Et c'est quoi ces événements ? Eh bien, on a droit au temps de pensionnat du gars où ça craint un peu et où c'est pas forcément Disneyland. Et puis, Abel devient un peu moins jeune comme dans la vie et a une attirance pas forcément explicitée pour les enfants mais, bon, voici qu'arrive la guerre de 39 qui ne m'a pas tout à fait déçu, elle fut longue et massacrante et je ne crache pas dessus...

Du coup, ça arrange Abel, on passe à autre chose et notre gars devient bien sûr un soldat nullo dans un régiment, nullo aussi. Alors il est fait prisonnier et envoyé loin là-bas en Allemagne, peut-être plus loin même. Et ce dépaysement transforme notre personnage. On le met au boulot sur les terres d'un sale type sanguinaire nommé Göring, t'as dû sûrement en entendre parler.
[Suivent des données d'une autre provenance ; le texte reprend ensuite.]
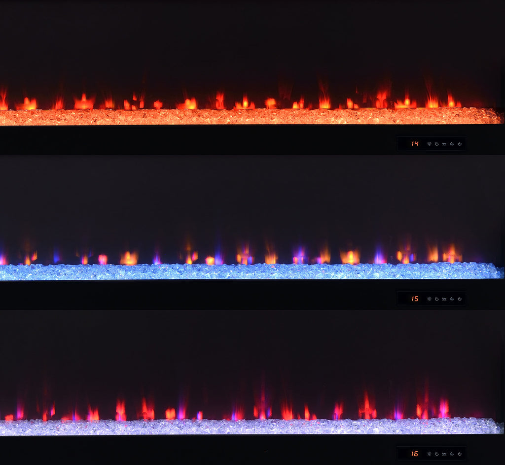 This sleek fireplace media console brings warmth and streamlined storage to contemporary living spaces. A wide electric firebox glows over crushed acrylic crystals, offering fifteen customizable flame colors operated by a wireless remote. Open side compartments with adjustable shelves store devices or décor, while rear cable management cutouts keep wires out of sight. Finished in classic black and crafted from engineered wood with a laminate veneer, it serves as a refined TV stand or entertainment center. Please note that this console does not include a heat function. Key Features: • TV stand fireplace console with flame visualizer and crushed acrylic crystals for visual warmth • Black finish highlights clean lines and adds bold, modern character to any space • Two open side compartments with adjustable shelves offer flexible display or storage • Fifteen flame colors with wireless remote control for lighting customization • Crafted from engineered wood and durable, scratch-resistant laminate veneer • Accommodates TVs up to eighty-five inches with rear cutouts for cable management

Puis, comme par hasard, il se retrouve dans un camp en contact avec des jeunes nazis. Et, comme c'est la débacle, les adultes du camp s'en vont sur le front et notre Abel (enfin, le sien) reste seul avec une centaine de pré-ados mais, les bolcheviques arrivent le couteau entre les dents, si l'on peut dire, et font tout péter. Tout le monde est tué... sauf Abel, faut ça.

Mais bon, il découvre les horreurs des camps de concentration, fuit avec un enfant juif sur ses épaules comme le roi des aulnes jadis ogre voleur d'enfants justement et s'en va plus loin près d'une forêt... d'aulnes bien sûr.

Bref, avec en bonus quelques superbes divagations mythologico-psychologiques vaseuses et de charmants arrêts sur des paysages désolés, je me suis particulièrement amusé.

Du coup je trouve que Tournier avait bien mérité le Goncourt.